Provided entries below:

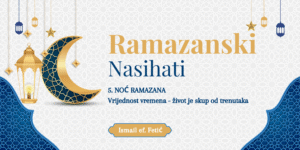 Vrijeme, braćo i sestre, ne čeka nikoga. Još jučer smo govorili: “Kad će Ramazan?” A evo nas već u petoj noći. I doći će brzo dan kada ćemo reći: “Prošao je.” Proći će kao bljesak, a ostat će samo ono što smo u njemu učinili.
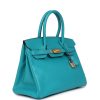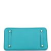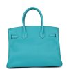The Interior is lined in Bleu Paon chevre and has a zip pocket with Hermès engraved pull and a pocket on opposite side.
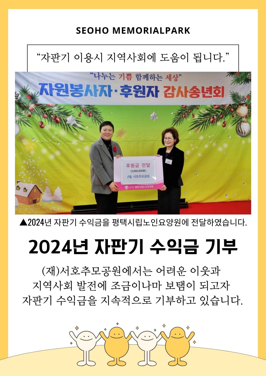 2024년 자판기 수익금 기부 페이지 정보 작성자 최고관리자 댓글 0건 조회 1,518회 작성일 25-01-05 12:19 본문 . 목록 다음글 서호추모공원 어항설치 댓글목록 댓글목록 등록된 댓글이 없습니다.
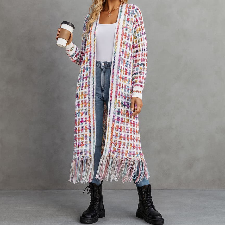 Handcrafted with a colorful woven texture, this long cardigan drapes effortlessly — soft, cozy, and timelessly stylish. The fringed hem adds a touch of playful sophistication, perfect for every mood and season.
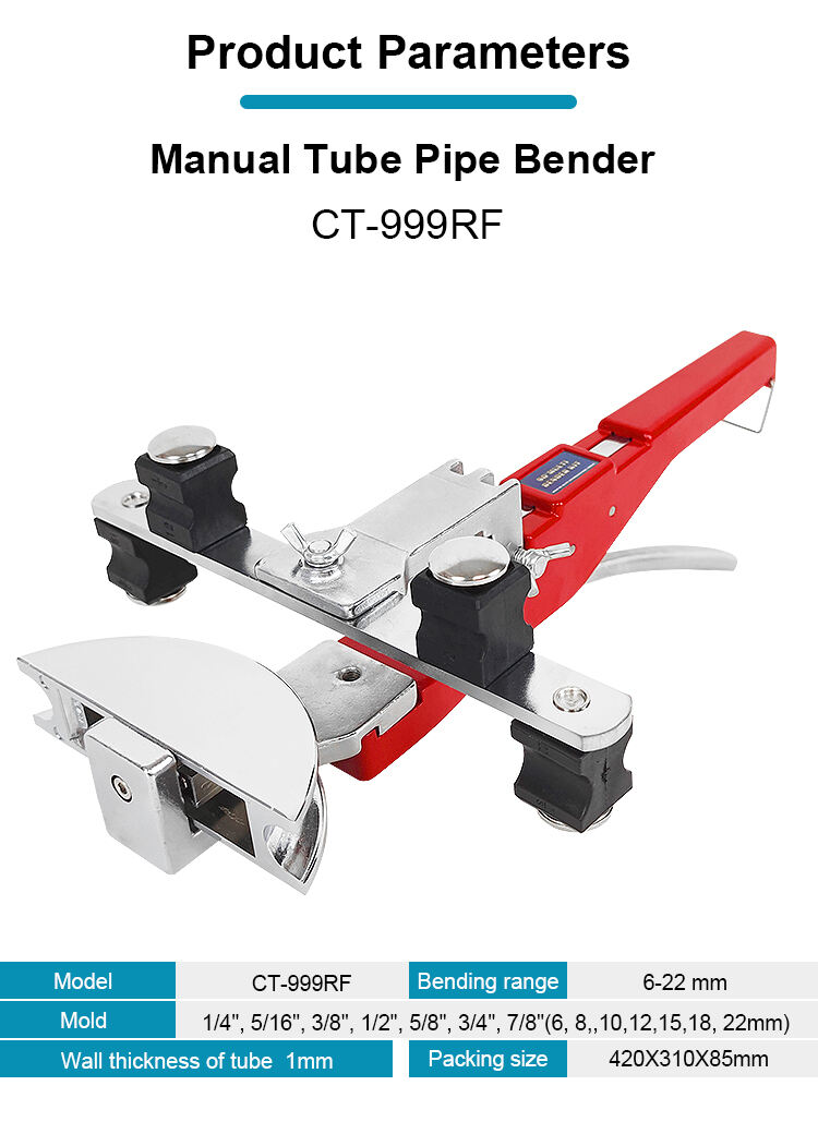 CT-999RF 6-22mm Hand Bender Tool Set HVAC Refrigeration Copper Pipe Bending Tools 90 Degree Tube Bender Kit
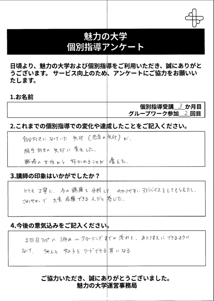 受講のきっかけは、「本気で好きになった人ができたこと」でした。
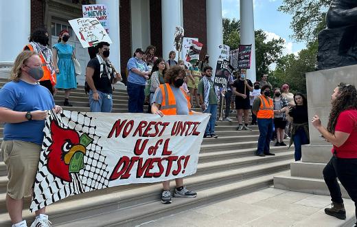 تجمع العديد من طلاب جامعة لويزفيل الأمريكية في الحرم الجامعي في اليوم الأول من الفصل الدراسي الخريفي 2024 للتظاهر وإظهار دعمهم لفلسطين، قال سيد بيكر من طلاب لويزفيل من أجل العدالة في فلسطين: "أنا هنا للدفاع عن الفلسطينيين الذين ماتوا على أيدي الصهيونيين".
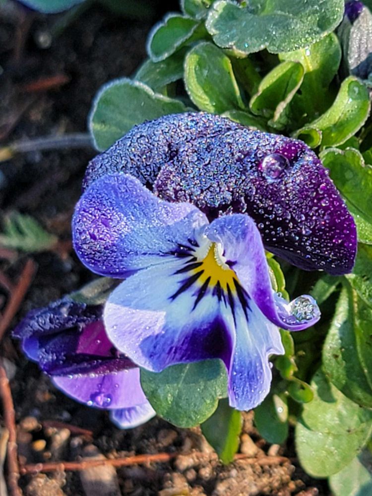 先日 朝の花壇のビオラを見たら 水滴が残っていて キラキラ✨輝いてました🫧
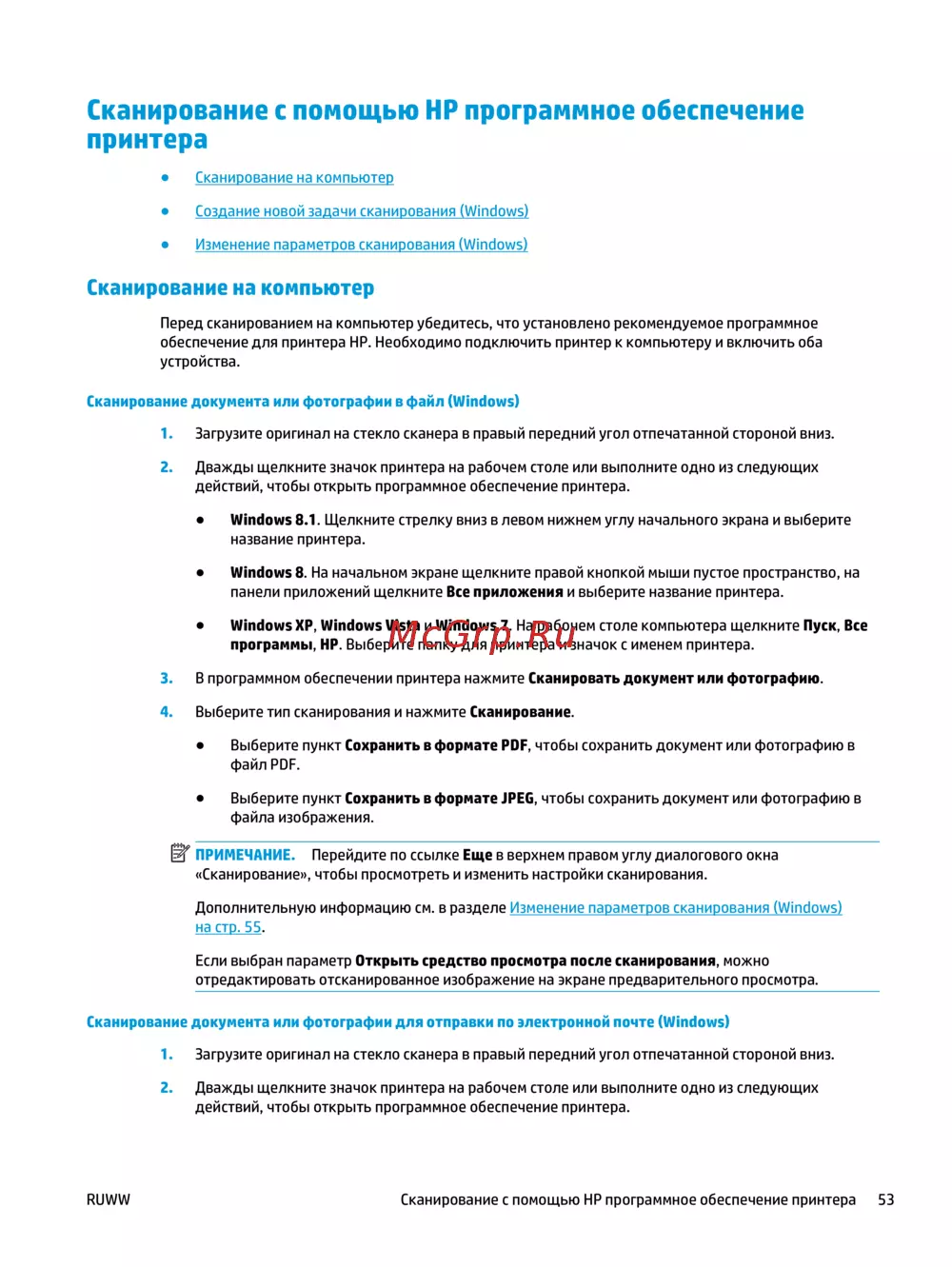 RUWW Сканирование с помощью HP программное обеспечение принтера 53
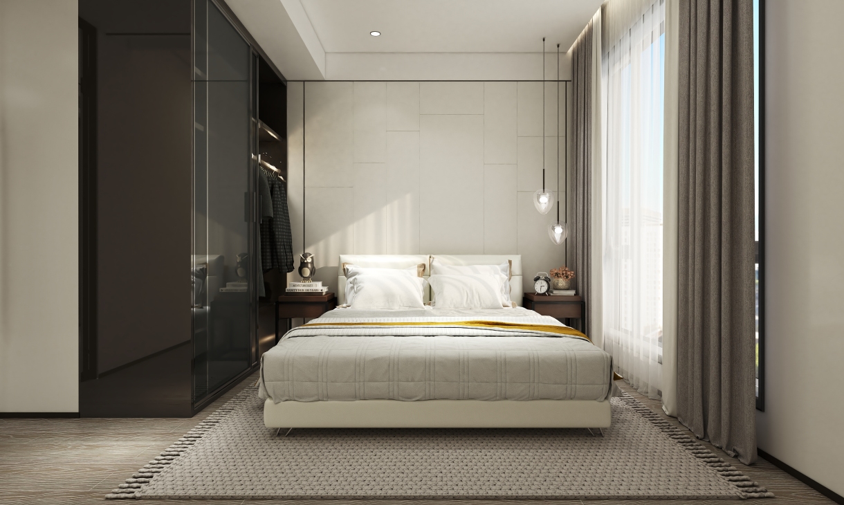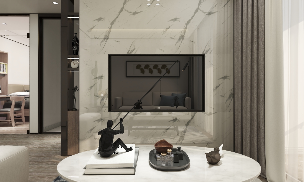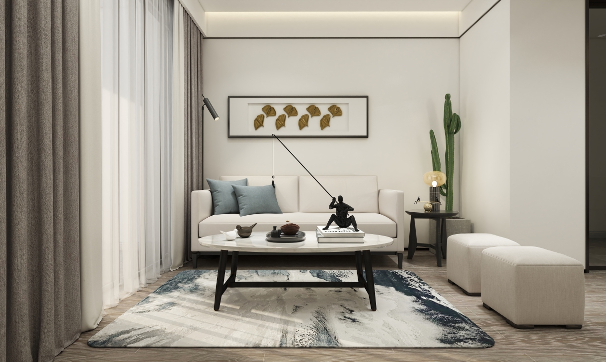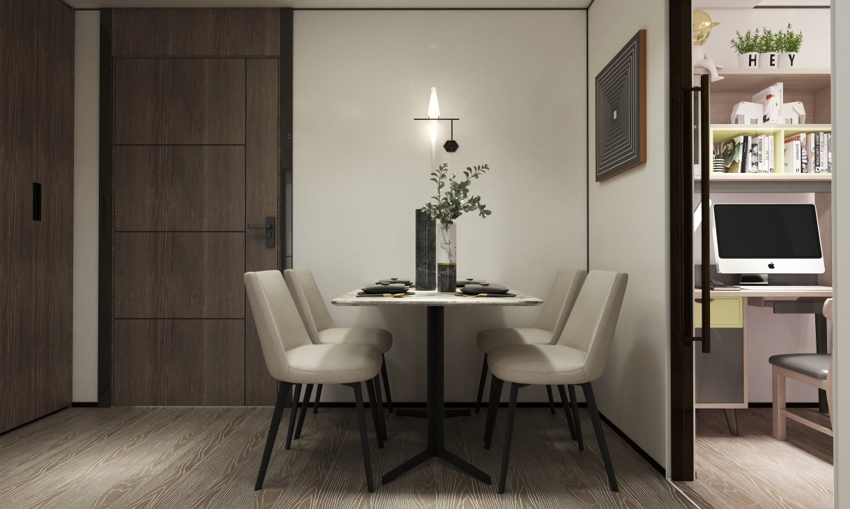 户型为两居室空间,功能完整,采光通透,适合小家庭居住,精致简易的装修效果,无主灯及暗藏灯带的设计及大理石元素的电视背景,空间更显高级时尚。整体设计以现代风格为主,能充分利用现有的装修条件,去融入较完整的设计语言。现代风格为一种多变的风格,可融汇更多的元素去达到不同的空间效果,此方案中充分的利用了现场大量的墙面留白,家具上多以纯色简约的造型,大理石的元素来营造一种富有现代新中式的气息,达到简洁舒适的同时,更富有一丝素雅,庄重的气息,更能符合中年群体的艺术追求。餐厅布置了一桌4椅,大理石台面,高档大气,纯色布艺餐椅保障更好的舒适性,沙发及主卧床为纯色皮质工艺,没有过多厚重繁杂的设计,也能显得端庄高雅,抱枕及地毯上融入了一丝淡蓝色为点缀,空间更具有层次的同时,新中式的韵味更显浓郁。 次卧室为儿童房空间,配备了书桌椅,中性的搭配设计,适合男女孩及不同年龄段居住使用。整体空间在现代风格的基础上,融入中式的元素,旨在体现一种素雅禅意的空间意境。

End of Provided entries.

Return, exactly as they appear, the lines from the line containing "先日 朝の花壇のビオラを見たら 水滴が残っていて キラキラ✨輝いてました🫧" through the end of the records above, both ends included, without pictures.

 先日 朝の花壇のビオラを見たら 水滴が残っていて キラキラ✨輝いてました🫧
 RUWW Сканирование с помощью HP программное обеспечение принтера 53
 户型为两居室空间,功能完整,采光通透,适合小家庭居住,精致简易的装修效果,无主灯及暗藏灯带的设计及大理石元素的电视背景,空间更显高级时尚。整体设计以现代风格为主,能充分利用现有的装修条件,去融入较完整的设计语言。现代风格为一种多变的风格,可融汇更多的元素去达到不同的空间效果,此方案中充分的利用了现场大量的墙面留白,家具上多以纯色简约的造型,大理石的元素来营造一种富有现代新中式的气息,达到简洁舒适的同时,更富有一丝素雅,庄重的气息,更能符合中年群体的艺术追求。餐厅布置了一桌4椅,大理石台面,高档大气,纯色布艺餐椅保障更好的舒适性,沙发及主卧床为纯色皮质工艺,没有过多厚重繁杂的设计,也能显得端庄高雅,抱枕及地毯上融入了一丝淡蓝色为点缀,空间更具有层次的同时,新中式的韵味更显浓郁。 次卧室为儿童房空间,配备了书桌椅,中性的搭配设计,适合男女孩及不同年龄段居住使用。整体空间在现代风格的基础上,融入中式的元素,旨在体现一种素雅禅意的空间意境。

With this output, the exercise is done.